Segment Start: Recorded data

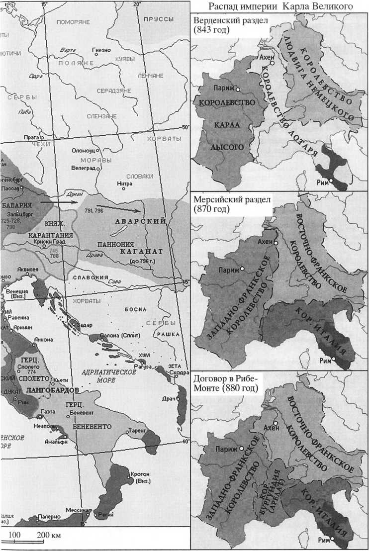 Трехлетие после смерти Людовика Благочестивого в 840 г. вошло в историю как «распря» или «война между братьями». Итогом ее стал фактический раздел Франкского государства. По Верденскому договору 843 г. Карлу Лысому отошли земли, позже ставшие средневековой Францией (Западно-Франкское королевство), Людовику достались владения в Германии (Восточно-Франкское королевство), между ними лежал удел их старшего брата Лотаря – в его руках находился Рим на юге и Ахен на севере. Лотарь сохранял старшинство, данное ему императорским титулом, однако на практике Верденский раздел означал конец единой Франкской империи. Она ненадолго пережила своих создателей. Зато политические структуры, возникшие в результате Верденского раздела, закрепились на политической карте Европы, очевидно потому, что приблизились к социальной и культурной реальности своих регионов. Важным памятником признания таких культурных различий является сохранившийся текст Страсбургской клятвы. Когда в 842 г. Карл Лысый и Людовик Немецкий решили скрепить свой союз клятвой, первый произнес ее на французском, а второй на немецком языке.
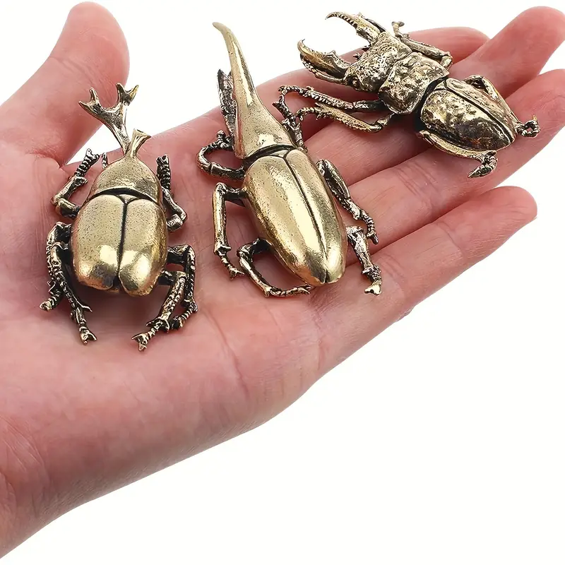 1pc Vintage Brass Beetle Sculptures, Metal Insect Figurines, Miniature Long-Horned Beetles for Desktop Decor
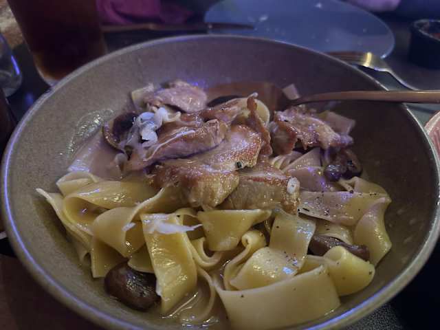 - Pasta trofie en salsa de san simón, pollo frito estilo sureño bañado en crema de cheddar
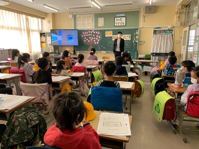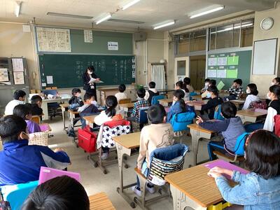 「大洲小学校は校庭が広いので、先生や友だちとたくさん遊ぶことができます。是非、一緒に遊びましょう。そして、大洲小学校の子どもたちは、誰にでも優しく思いやりがあります。何か困ったことがあったら、私たちに聞いてくださいね」と、児童の代表が歓迎のあいさつをしてくれました。
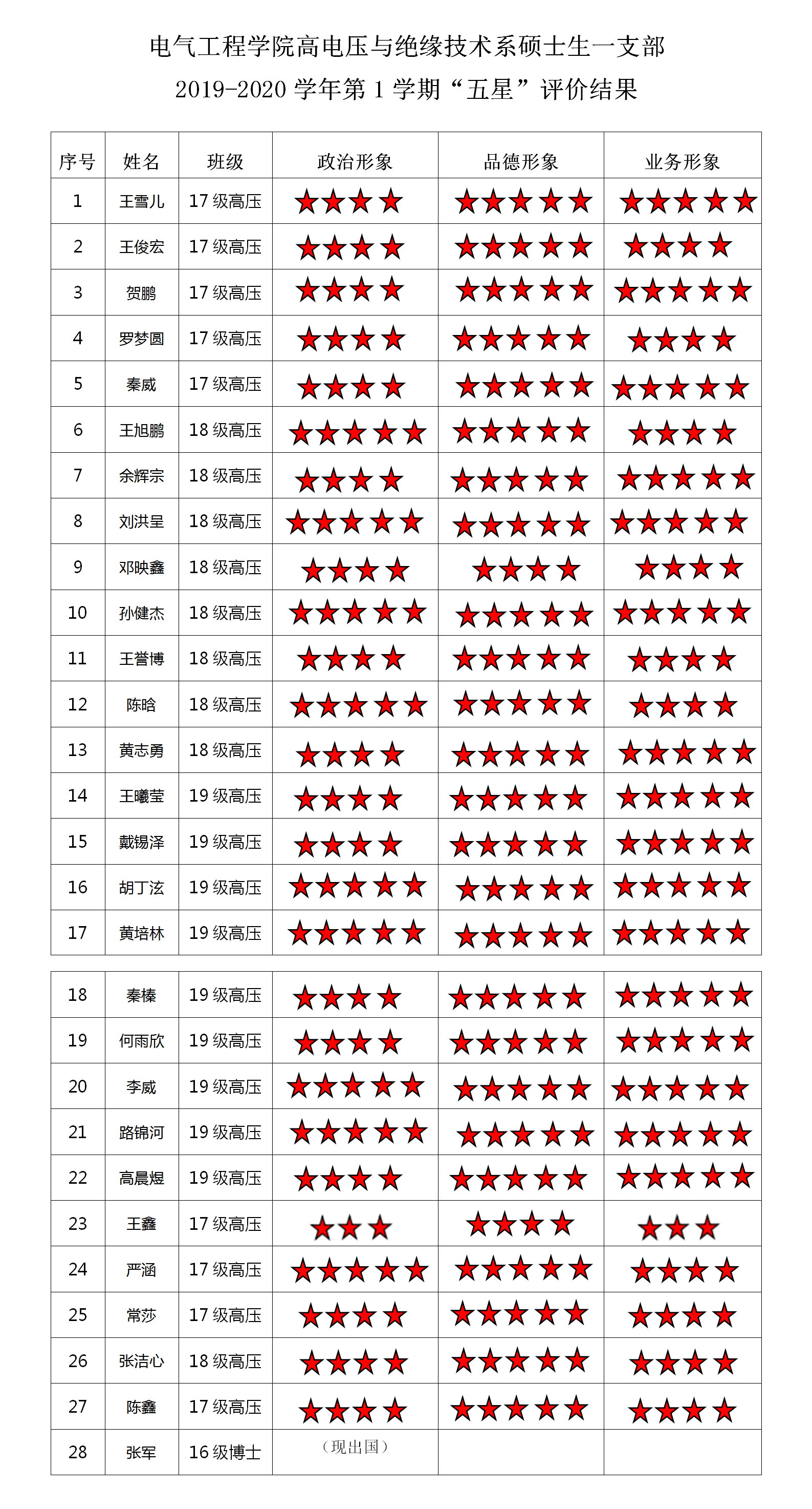 无码av 高电压与绝缘技术第四支部 2019-2020学年第1学期“五星”评价结果
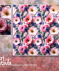 Tricoline Estampado 3D – Ramos de flores rosa
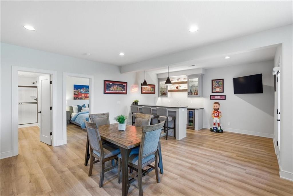 This absolutely gorgeous, single-owner 2020 new build still looks and feels like the final touches were just applied! High-end finishes, fresh paint, an incredible amount of space and beautiful views all await you in this Chapel Hill stunner. The open concept main level invites you in with wide-plank wood floors, soaring ceilings, and sophisticated fixtures. The dreamy kitchen features natural wood-toned cabinets, granite countertops, a large walk-in pantry and gleaming stainless steel appliances. In a perfect setup for entertaining, the formal dining area next to the kitchen will impress any dinner guest with huge windows, a built-in buffet for classy serving and storage, and eye-catching floating shelves to display your favorite dishes. The cozy yet spacious living area features a beautiful gas fireplace flanked by stylish built-in cabinets, gorgeous lighting, and easy access to the screened-in porch. The sprawling primary suite will be your perfect oasis, complete with a modern wood-paneled ceiling, massive shower and double vanity, expansive walk-in closet, and direct access to the laundry room. On the other side of the main floor, two more beautifully appointed bedrooms and a second full bath complete this incredible main floor, and we haven’t even gotten to the finished, walkout basement yet! A second sprawling living area, beautiful wet bar, home gym, large fourth bedroom and third full bath offer so many additional possibilities to enjoy this truly special home. Outside, a lush and level fenced lot with a covered patio is sure to be the canvas for many summer memories playing in the yard, grilling out, and enjoying this sought-after neighborhood. Welcome home!
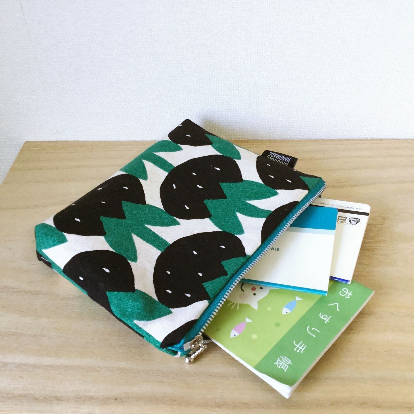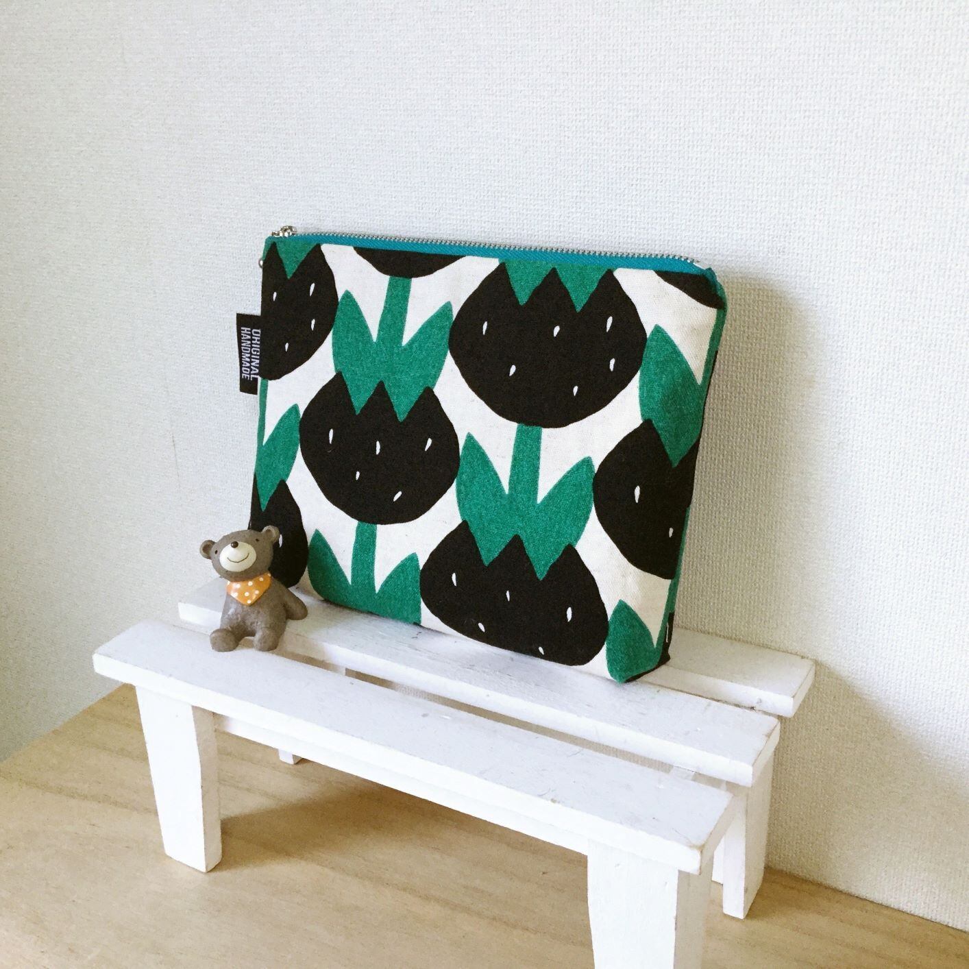 【受注作成】薄型台形ポーチ(グリーン×ブラックチューリップ)
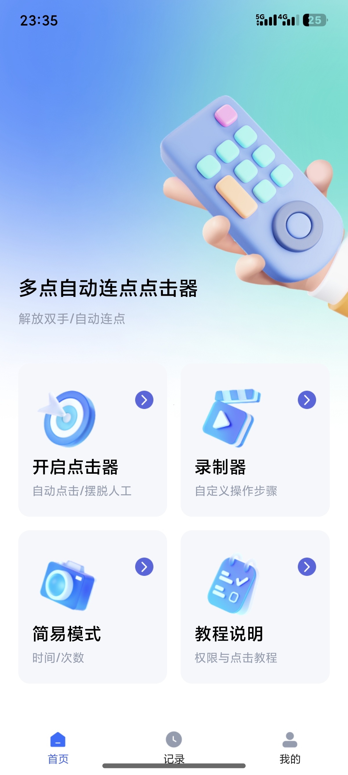 DreamCatcher 手机软件 2025-08-19 19:47:42 多点自动连点点击器|最新纯净破解激活版免费下载 多点自动连点点击器是一款功能丰富的手机连点器应用,提供自动连点器工具和丰富的脚本资源,适用于多种场景。用户可以自定义连点器参数,打造个人专属的连点记步功能,使手机屏幕连点操作更加便利。 该软件内置简单的连点器滑动操作,轻松实现分步连点执行。版本信息见下载列表。 免责声明:本资源来自互联网,仅供个人学习交流、测试使用。请在下载后24小时内删除,支持购买正版。 下载说明本站收录且只收录免费的下载链接,基本所有的链接均已验证,全部为免费下载访问链接 注意下载前,请注意查看版本信息,每个链接里面可能包含个网盘的下载地址,里面的内容是一致的 更新时间版本信息下载链接 2025年08月19日多点自动连点点击器 解锁去掉会员充值使用功能点击下载 2025年08月20日多点自动连点点击器 解锁会员 解放双手 自动化脚本点击下载 待iNeets更新待iNeets更新待iNeets更新
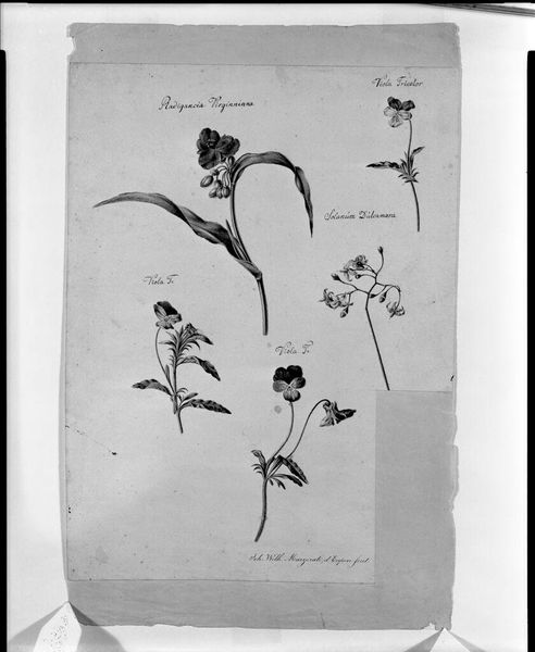 Editor: This is Johann Wilhelm Marzorati’s drawing, “Rosebuds.” I find the contrast between the delicate buds and the thorny stem really striking. What do you see in this piece? Curator: Well, roses are often seen as symbols of beauty and femininity, but also associated with pain, right? Considering the period this was created, what does it tell us about the expectations placed on women? Beauty, but also the thorns, the defenses? Editor: That’s fascinating! I hadn’t considered the thorns in that light. Curator: The rosebuds, not yet fully bloomed, could also symbolize unrealized potential or stifled growth. How can we connect this imagery to our modern understanding of the fight for gender equality and the struggles women face? Editor: This gives me so much to think about in terms of roses and female representation. Curator: Exactly! Art can be a lens through which we understand and challenge societal norms, even those subtly encoded in botanical illustrations.

Segment End: Recorded data

Task to complete: For each record above, write out every line exactly and skip the pictures.

Exercise result:
 Трехлетие после смерти Людовика Благочестивого в 840 г. вошло в историю как «распря» или «война между братьями». Итогом ее стал фактический раздел Франкского государства. По Верденскому договору 843 г. Карлу Лысому отошли земли, позже ставшие средневековой Францией (Западно-Франкское королевство), Людовику достались владения в Германии (Восточно-Франкское королевство), между ними лежал удел их старшего брата Лотаря – в его руках находился Рим на юге и Ахен на севере. Лотарь сохранял старшинство, данное ему императорским титулом, однако на практике Верденский раздел означал конец единой Франкской империи. Она ненадолго пережила своих создателей. Зато политические структуры, возникшие в результате Верденского раздела, закрепились на политической карте Европы, очевидно потому, что приблизились к социальной и культурной реальности своих регионов. Важным памятником признания таких культурных различий является сохранившийся текст Страсбургской клятвы. Когда в 842 г. Карл Лысый и Людовик Немецкий решили скрепить свой союз клятвой, первый произнес ее на французском, а второй на немецком языке.
 1pc Vintage Brass Beetle Sculptures, Metal Insect Figurines, Miniature Long-Horned Beetles for Desktop Decor
 - Pasta trofie en salsa de san simón, pollo frito estilo sureño bañado en crema de cheddar
 「大洲小学校は校庭が広いので、先生や友だちとたくさん遊ぶことができます。是非、一緒に遊びましょう。そして、大洲小学校の子どもたちは、誰にでも優しく思いやりがあります。何か困ったことがあったら、私たちに聞いてくださいね」と、児童の代表が歓迎のあいさつをしてくれました。
 无码av 高电压与绝缘技术第四支部 2019-2020学年第1学期“五星”评价结果
 Tricoline Estampado 3D – Ramos de flores rosa
 This absolutely gorgeous, single-owner 2020 new build still looks and feels like the final touches were just applied! High-end finishes, fresh paint, an incredible amount of space and beautiful views all await you in this Chapel Hill stunner. The open concept main level invites you in with wide-plank wood floors, soaring ceilings, and sophisticated fixtures. The dreamy kitchen features natural wood-toned cabinets, granite countertops, a large walk-in pantry and gleaming stainless steel appliances. In a perfect setup for entertaining, the formal dining area next to the kitchen will impress any dinner guest with huge windows, a built-in buffet for classy serving and storage, and eye-catching floating shelves to display your favorite dishes. The cozy yet spacious living area features a beautiful gas fireplace flanked by stylish built-in cabinets, gorgeous lighting, and easy access to the screened-in porch. The sprawling primary suite will be your perfect oasis, complete with a modern wood-paneled ceiling, massive shower and double vanity, expansive walk-in closet, and direct access to the laundry room. On the other side of the main floor, two more beautifully appointed bedrooms and a second full bath complete this incredible main floor, and we haven’t even gotten to the finished, walkout basement yet! A second sprawling living area, beautiful wet bar, home gym, large fourth bedroom and third full bath offer so many additional possibilities to enjoy this truly special home. Outside, a lush and level fenced lot with a covered patio is sure to be the canvas for many summer memories playing in the yard, grilling out, and enjoying this sought-after neighborhood. Welcome home!
 【受注作成】薄型台形ポーチ(グリーン×ブラックチューリップ)
 DreamCatcher 手机软件 2025-08-19 19:47:42 多点自动连点点击器|最新纯净破解激活版免费下载 多点自动连点点击器是一款功能丰富的手机连点器应用,提供自动连点器工具和丰富的脚本资源,适用于多种场景。用户可以自定义连点器参数,打造个人专属的连点记步功能,使手机屏幕连点操作更加便利。 该软件内置简单的连点器滑动操作,轻松实现分步连点执行。版本信息见下载列表。 免责声明:本资源来自互联网,仅供个人学习交流、测试使用。请在下载后24小时内删除,支持购买正版。 下载说明本站收录且只收录免费的下载链接,基本所有的链接均已验证,全部为免费下载访问链接 注意下载前,请注意查看版本信息,每个链接里面可能包含个网盘的下载地址,里面的内容是一致的 更新时间版本信息下载链接 2025年08月19日多点自动连点点击器 解锁去掉会员充值使用功能点击下载 2025年08月20日多点自动连点点击器 解锁会员 解放双手 自动化脚本点击下载 待iNeets更新待iNeets更新待iNeets更新
 Editor: This is Johann Wilhelm Marzorati’s drawing, “Rosebuds.” I find the contrast between the delicate buds and the thorny stem really striking. What do you see in this piece? Curator: Well, roses are often seen as symbols of beauty and femininity, but also associated with pain, right? Considering the period this was created, what does it tell us about the expectations placed on women? Beauty, but also the thorns, the defenses? Editor: That’s fascinating! I hadn’t considered the thorns in that light. Curator: The rosebuds, not yet fully bloomed, could also symbolize unrealized potential or stifled growth. How can we connect this imagery to our modern understanding of the fight for gender equality and the struggles women face? Editor: This gives me so much to think about in terms of roses and female representation. Curator: Exactly! Art can be a lens through which we understand and challenge societal norms, even those subtly encoded in botanical illustrations.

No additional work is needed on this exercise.